Java Casting in Method Overloading

Question

I have the methods overloading such as:

 public int sum1(int a, int b)
{
    int c= a+b; 
    System.out.println("The method1");
    return c; 
}
public float sum1(int a, float b)
{
    float c=  a+b;
    System.out.println("The method2");
    return c; 
}
public double sum1(float a, float b)
{
    double c=  (double) a+b;
    System.out.println("The method3");
    return c; 
}

From the main method, suppose we have

 double x=10.10f;
 double y=10.20f; 

the apparent type for x and y is double, but the actual type is float. when I call

System.out.println(" the output is :"+cc.sum1(x,y)); 

the error in the compile-time.

The method sum1(int, int) in the type Class is not applicable for the arguments double, double). 
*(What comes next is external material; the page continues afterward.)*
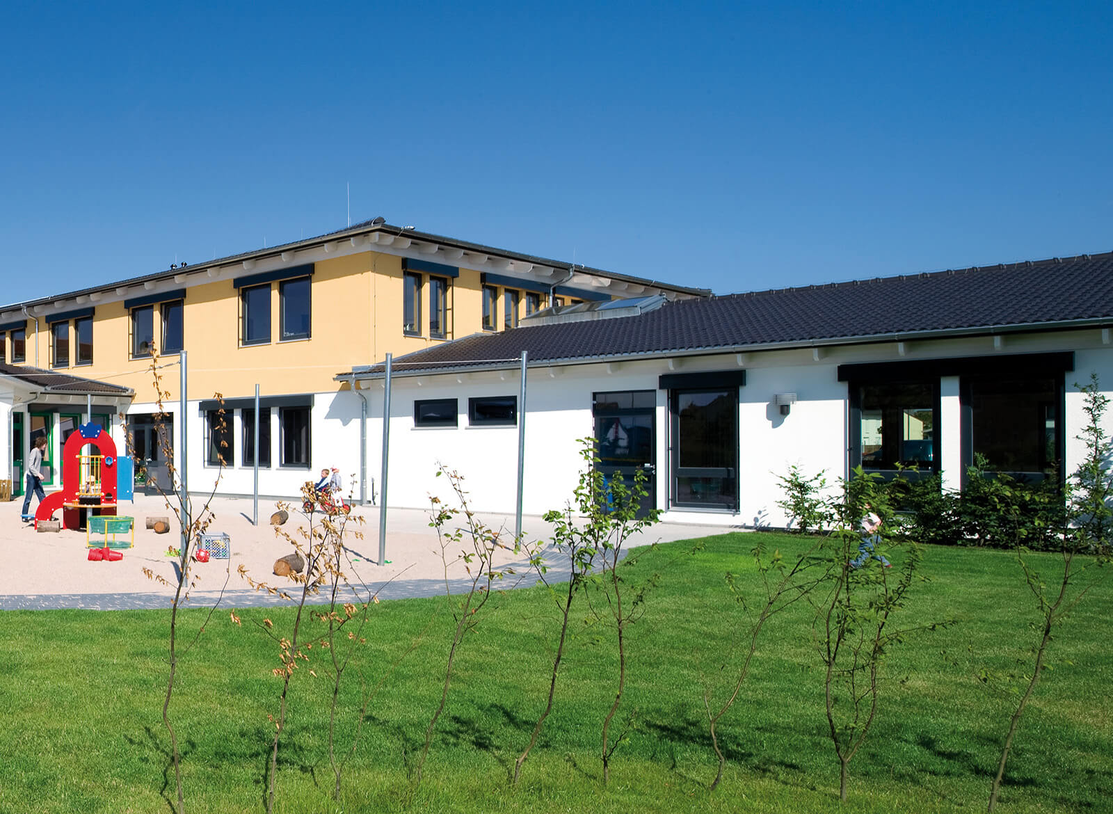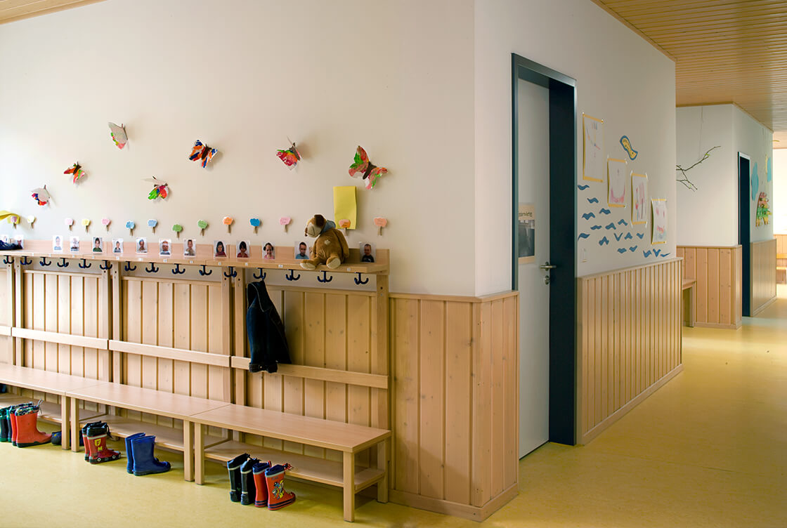 So sind ein integrativer Kindergarten, eine Kinderkrippe sowie große kombinierbare Mehrzweckräume für örtliche Anbieter von Freizeitarbeit wie Vereine, Kirchen, Kommunen und Initiativen entstanden. Alles behindertengerecht, inklusive Aufzug. Für eine kinderfreundliche helle und warme Atmosphäre sorgen großzügige Verglasungen in den Fassaden sowie eine Lichtkuppel im Zentralbereich. Viel sichtbares Holz und eine Spielgalerie sind weitere Beispiele der gelungenen Innenarchitektur. Geschäftsräume der Lebenshilfe ergänzen das Raumprogramm.

where it should go to sum1 (i.e. method3) by casting double to float

Answer 1

Floats are funny that way.. they always try to convert to doubles automatically. This code compiles, with floats at every turn.

    public class wood {
    public static void main(String[] args) {
        float x = 10.1f;
        float y = 10.2f;
        System.out.println("Sum of x and y = " + sum1((float)x, (float)y));
    }
    public static float sum1(float x, float y) {
        return (float)((float)x+(float)y);
    }
}

edit; note that using a cast operator outside of parenthesis will cast after what is inside of the parenthesis has computed. So;

System.out.println((int)(50.5 + 50.7));

will print out 101.

Within java, some data conversions are automatic, and others require cast operators.. simply put, java will automatically make widening conversions, while you will have to use a cast operator for narrowing conversions.

The hierarchy of primitive data types is as follows:

byte //1 byte (-128 through 127)

short //2 bytes (over 32,000 give/take from 0)

int //4 bytes (over 2billion give/take from 0)

long //8 bytes (over 9 quintillion (10^18) give/take from 0)

float //4 bytes (holds 7 decimal places)

double //8 bytes (holds 15 decimal places)

java will not make narrowing conversions automatically, because then data is at risk of being lost. Both byte and short will become ints automatically.

short s = 5;
byte b = 5;
short sum = s + b;  //this will cause an error!

s and b automatically make a widening conversion to an int, and an int cannot be assigned to a short without a cast operator.

short sum = (short)(s + b);

would be needed.

Answer 2

TL;DR version of this answer:

• Variables of primitive types never have a different type at execution-time to their compile-time. (A double is always a double, never a float, etc.)
• Overload resolution (picking which method signature is used) is performed using the compile-time types of expressions
• Method implementation of the picked signature is performed using the execution-time type of the target of the method call

---

the apparent type for x and y is double, but the actual type is float

No, it's not. You've just got a conversion from the assigned float literals to double values. The actual values are double.

Primitives don't work like objects - there's no idea of an int value still being an int inside a double variable, for example.

It's simpler to take an example with integer types. Suppose we have:

byte b = 100;
int x = b;

The value of x is the 32-bit integer representing the value 100. It doesn't "know" that it was originally assigned from a byte value... there just happened to be a conversion from byte to int at the point of assignment.

Compare that with reference types:

String x = "hello";
Object y = x;

Here, the value of y really is a reference to a String object. That type information is preserved precisely because there's a whole object that can contain it, and because the value of the variable itself is only a reference. (The bits themselves don't need to change as part of the assignment - in a simple VM at least, they'll be the exact same bits in x and y, because they're referring to the same object.)

Even in that case, however, overload resolution occurs based on the compile-time type of the arguments, not their actual values at execution time. The only way that the execution-time type of a variable gets involved is with overriding based on the target of a method call. So if we have:

Foo f = new X();
Foo g = new Y();
Foo h = new Z();

f.someMethod(g, h);

... then the compiler will look for a method in Foo which has two Foo parameters (or Object or other superclasses/interfaces) - the actual types of the objects involved are irrelevant. At execution time, however, if that method has been overridden in X, then that override will be called due to the execution-time type of the object f's value refers to.

Answer 3

Try to add new function: public double sum1(double a, double b). It will solve your problem. And also, this kind of casting will cause loss of data.

Answer 4

No, the actual type of the variables is double. The type of the constants that you're assigning to that double variable, which get promoted on assignment, is float.

Answer 5

Casting double to float may cause loss of data, since it's a narrowing conversion, and is therefore not done automatically by the compiler. You'll have to cast the variables to float explicitly if you want it to take place.